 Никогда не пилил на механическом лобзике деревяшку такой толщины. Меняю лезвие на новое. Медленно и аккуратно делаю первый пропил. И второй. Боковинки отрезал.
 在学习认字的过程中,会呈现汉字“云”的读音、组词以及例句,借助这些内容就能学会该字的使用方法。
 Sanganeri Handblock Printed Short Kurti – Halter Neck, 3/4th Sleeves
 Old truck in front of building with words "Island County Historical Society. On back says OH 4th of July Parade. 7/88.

#####

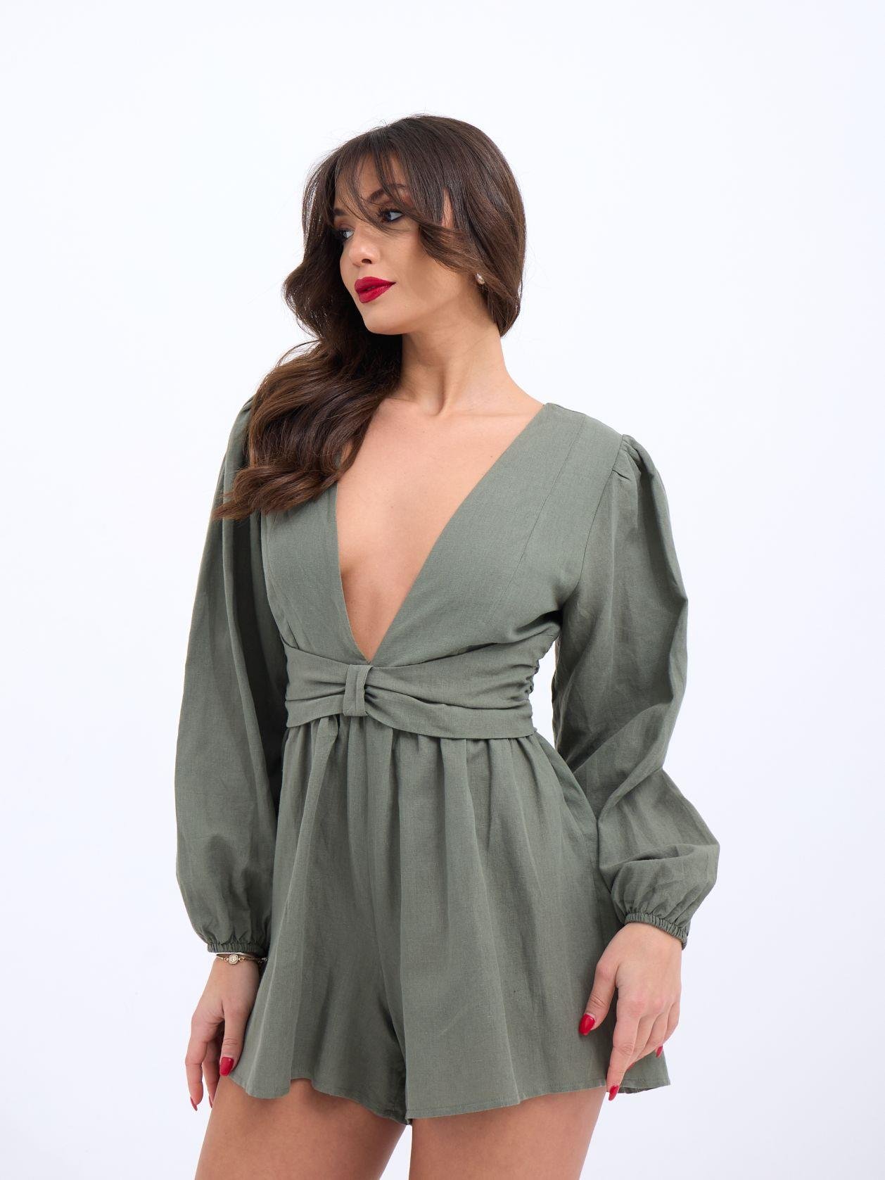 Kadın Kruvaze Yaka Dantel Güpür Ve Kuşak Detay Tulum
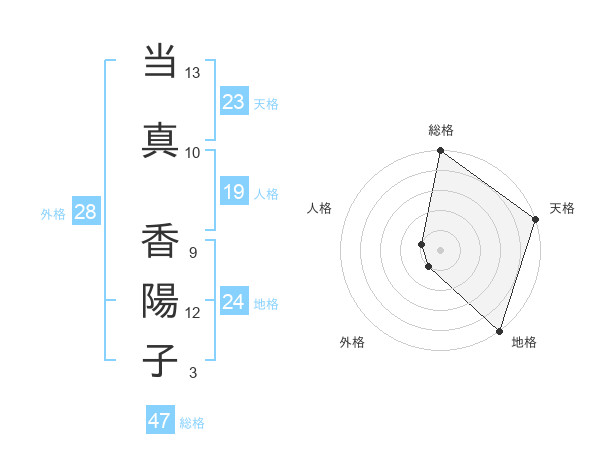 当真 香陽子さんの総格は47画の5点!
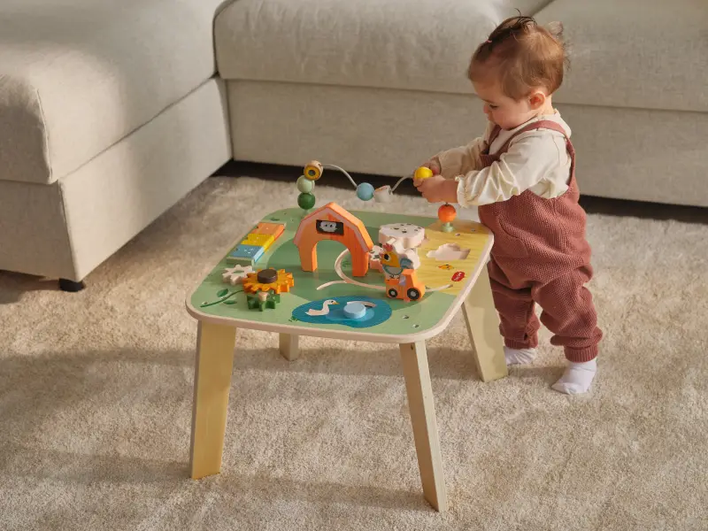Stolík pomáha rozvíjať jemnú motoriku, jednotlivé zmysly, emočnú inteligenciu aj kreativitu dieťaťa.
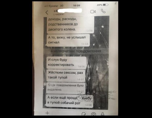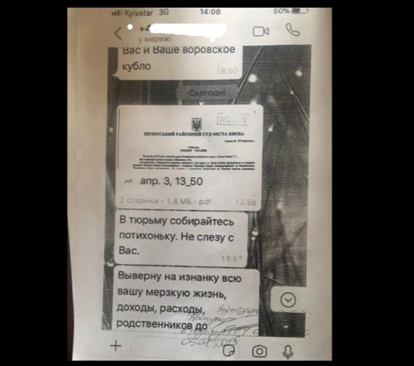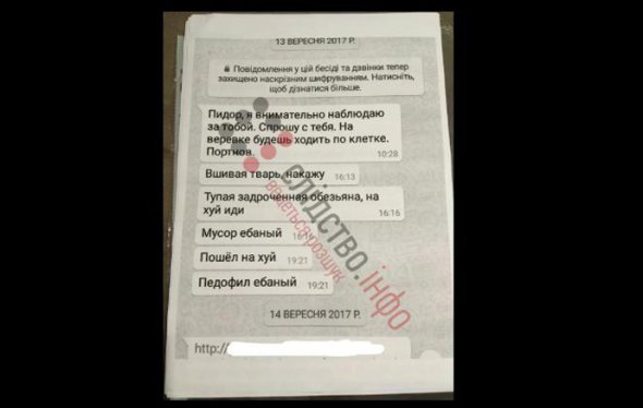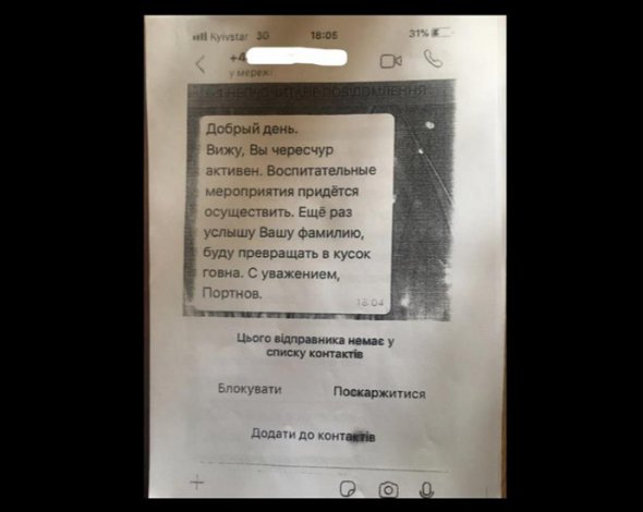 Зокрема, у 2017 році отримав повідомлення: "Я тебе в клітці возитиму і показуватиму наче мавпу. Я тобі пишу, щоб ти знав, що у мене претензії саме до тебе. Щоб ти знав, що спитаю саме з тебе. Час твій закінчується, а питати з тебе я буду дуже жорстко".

#####

**Your assignment**:
All lines above from the one containing "Stolík pomáha rozvíjať" up to and including the one containing "Зокрема, у 2017" are to be set down exactly, and nothing else. Leave images out.

**Written solution**:
Stolík pomáha rozvíjať jemnú motoriku, jednotlivé zmysly, emočnú inteligenciu aj kreativitu dieťaťa.
 Зокрема, у 2017 році отримав повідомлення: "Я тебе в клітці возитиму і показуватиму наче мавпу. Я тобі пишу, щоб ти знав, що у мене претензії саме до тебе. Щоб ти знав, що спитаю саме з тебе. Час твій закінчується, а питати з тебе я буду дуже жорстко".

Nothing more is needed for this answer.